2013年9月7日土曜日

日本麻酔科学会第59回関西支部学術集会

 今日は時おり小雨の降る、あいにくの天気でしたが、大阪中之島にある大阪国際会議場で、麻酔科学会関西地方会が開催されました。
会場の大阪国際会議場


 京都市立病院麻酔科からは、Et先生とMw先生が、それぞれポスター発表をされました。

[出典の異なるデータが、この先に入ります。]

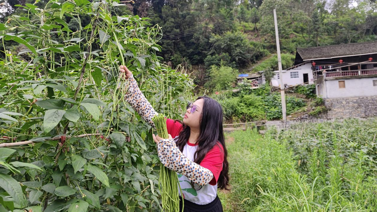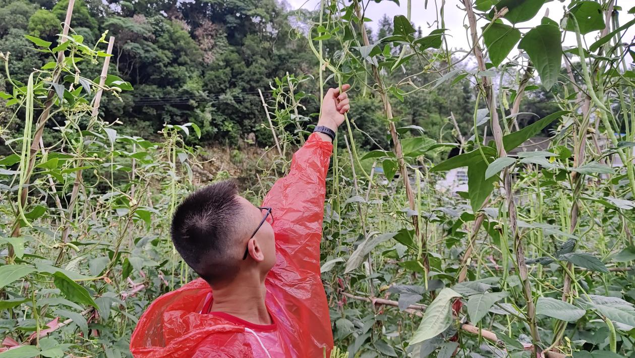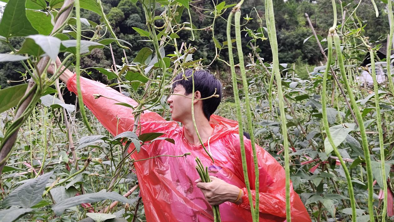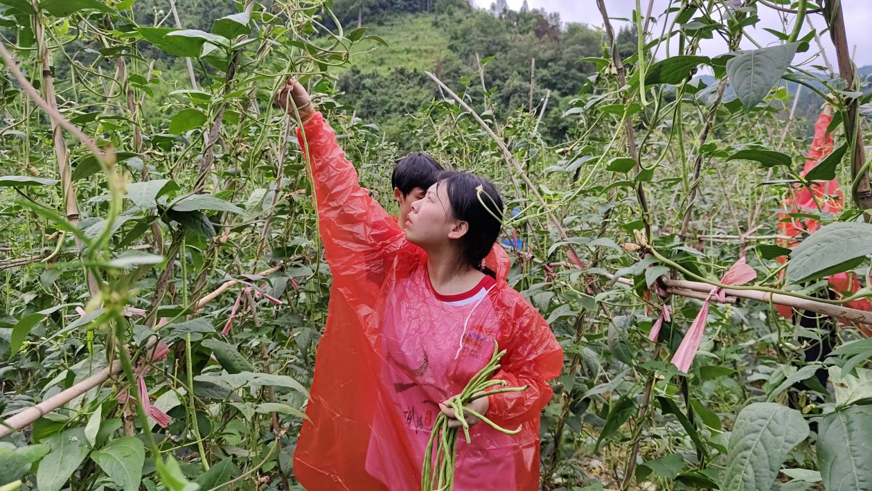 7月,中寨村正值豇豆丰收的季节,豇豆地里一片繁忙和喜悦的氛围。村民们热情地为志愿者们讲解采摘豇豆的方法和技巧。沐浴着阳光,穿梭在豆藤架之间,不一会,一捆捆的豇豆堆得便有小山丘那么高。

会場は、機器展示場の一角にあって、少し騒々しい中でしたが、演者と聴衆の距離が近くて、気軽に質問できる和やかな雰囲気の中で、お二人とも無事に発表を終えられました。
Et先生の発表は、以前におられた病院での
経験に基づく内容でした

 Mw先生にとっては、これが医師になって初めての発表でしたから、話し終わるまでは少し緊張をされていた様子でした。

ポスター発表は胎教にいいのかなぁ〜?

 ランチョンセミナーでは、住友病院感染制御部の林三千雄先生による「麻酔科医のための感染対策」と題する講演を聞きましたが、実務にかかわる本音の話も出ていて、興味深かったです。

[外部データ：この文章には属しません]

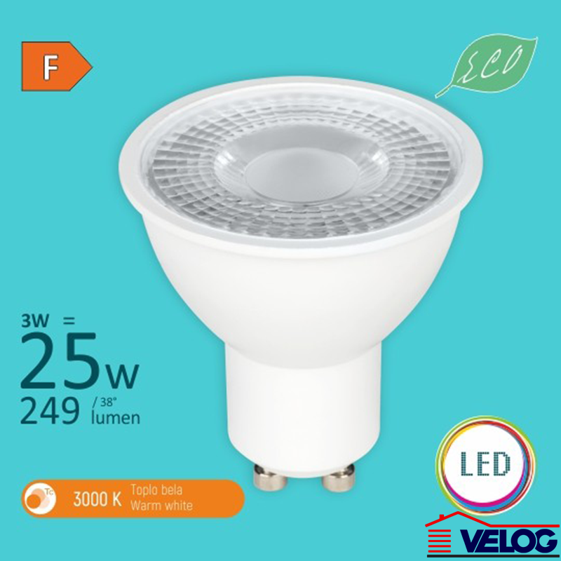 | Karakteristike | • LED:SMD • Tip grla:GU10 • Dimenzija sijalice:Ø50 x H55mm • Oblik:MR16 • Radni napon:220~240V • Radna frekvencija:50/60 Hz • Nominalna struja proizvoda:30mA • Power factor:>0,5 • Snaga (procenjena):3W • Potrošnja elek. energije:3 Kwh/ 1000h • Energetska efikasnost 2019.:F • Ekvivalent (LED-Inkandes.):3W⇔25W • Lumen / Watt:80-90 • Lumen flux (nom.):249 (lm) • Temp. boje svetl.:3000 K (Toplo bela) • Vreme trajanja zagrev. do .:< 1s • Vreme startovanja:≤ 0,5 s • Ugao rasipanja svetlosti (.:38º • CRI - indeks reprodukcije.:≥80(Ra) • Faktor odražavanja svetlo.:≥0,8% / 6000h • Faktor LLMF na kraju nom. .:70% • Faktor preživljav. sij. (.:≥0,9/6000h • Indeks konzistentnosti boj.:≤ 6 sdcm • IP zaštita:IP20 • Materijal:Termoplastika • Stepen električne zaštit.:II klasa • Životni vek:20.000 h na 25° C • Sadržaj žive (Hg):Hg=0.0 mg • Temperatura okoline:-20~ +40 °C • Dimabilnost:Ne • ON-OFF ciklus prekida:10.000 X • Ispravno odlag. nakon upot.:WEEE • Napomena:Usmerena sijalica • Upotreba u domaćinstvu:Da • Upotreba u potpuno zatvore.:Ne • Upotreba u vlažnim prosto.:Ne • Dizajn vrha sijalice:Mat |

 たとえば、空気感染を防ぐN95というマスクは、ぴったりフィットしないと意味がありません。フィットしているかどうかを確認するためには、けっこう厳重なチェックがいるのに、日本ではほとんど実施されていないとのこと。さらに、個人によってフィットする製品とそうでないものがあるので、最低三種類くらいを用意しておかないとジャストフィットするものが得られないとのこと。
N95を装着するときの
ダブルチェック項目
フィットテストとシールチェック
顔面の凸凹は人によってまちまち
最低三種類のマスクが必要














 さらに、医療器具を介する院内感染は、近年けっこうシビアにチェックされるようになってきたけれども、病院の環境設備を介した院内感染が軽視されている、という話もされました。
 ご自身の経験から大阪住友病院でのウォッシュレットトイレを介した耐性緑膿菌感染の院内感染事例を紹介されていました。
あらゆる感染防御策を実行しても、耐性緑膿菌が減らなかったのが、
温水ウォッシュレットの使用を禁止してから激減したそうです。